= List of shortest players in NBA history =

This is a complete listing of players in the history of the National Basketball Association with listed heights of 5 ft 9 in or shorter. Only 27 NBA players have been at or below this height. The shortest NBA player to be inducted into the Naismith Memorial Basketball Hall of Fame is Calvin Murphy at 5 ft 9 in. All of the players listed here have played the position of point guard. The most seasons played in the National Basketball Association (NBA) by a player listed at 5 ft 6 in or shorter was 14 seasons by Muggsy Bogues who played from 1987 to 2001. Yuki Kawamura at 5 ft 7 in is currently the shortest active NBA player and the only active NBA player listed under 5 ft 9 in.

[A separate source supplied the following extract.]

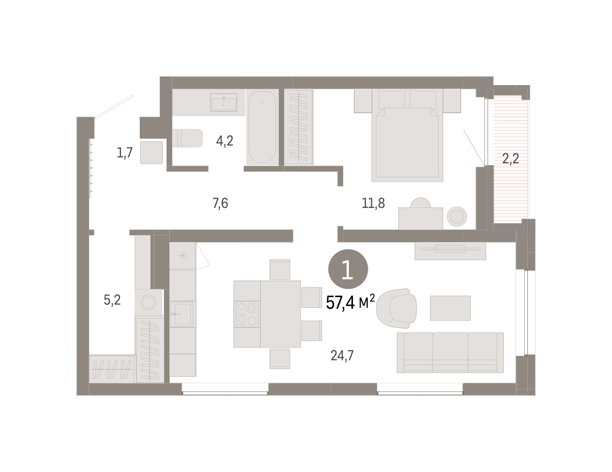 Продаётся с кладовой. Квартира с кухней-гостиной и одной спальней в Южных кварталах. Особенности планировки: гардеробная, лоджия, предчистовая отделка. № квартиры в нашей базе: ЮКВ11-Ж1.14.5.

The shortest player ever in the defunct American Basketball Association (1967–76) was Penny Ann Early, a 5 ft 3 in jockey who took part in one play in one game for the Kentucky Colonels as a publicity stunt in 1969. The shortest signed ABA players were Jerry Dover and Monte Towe, both 5 ft 7 in.

==Table==
Statistics accurate as of the 2025–26 NBA season.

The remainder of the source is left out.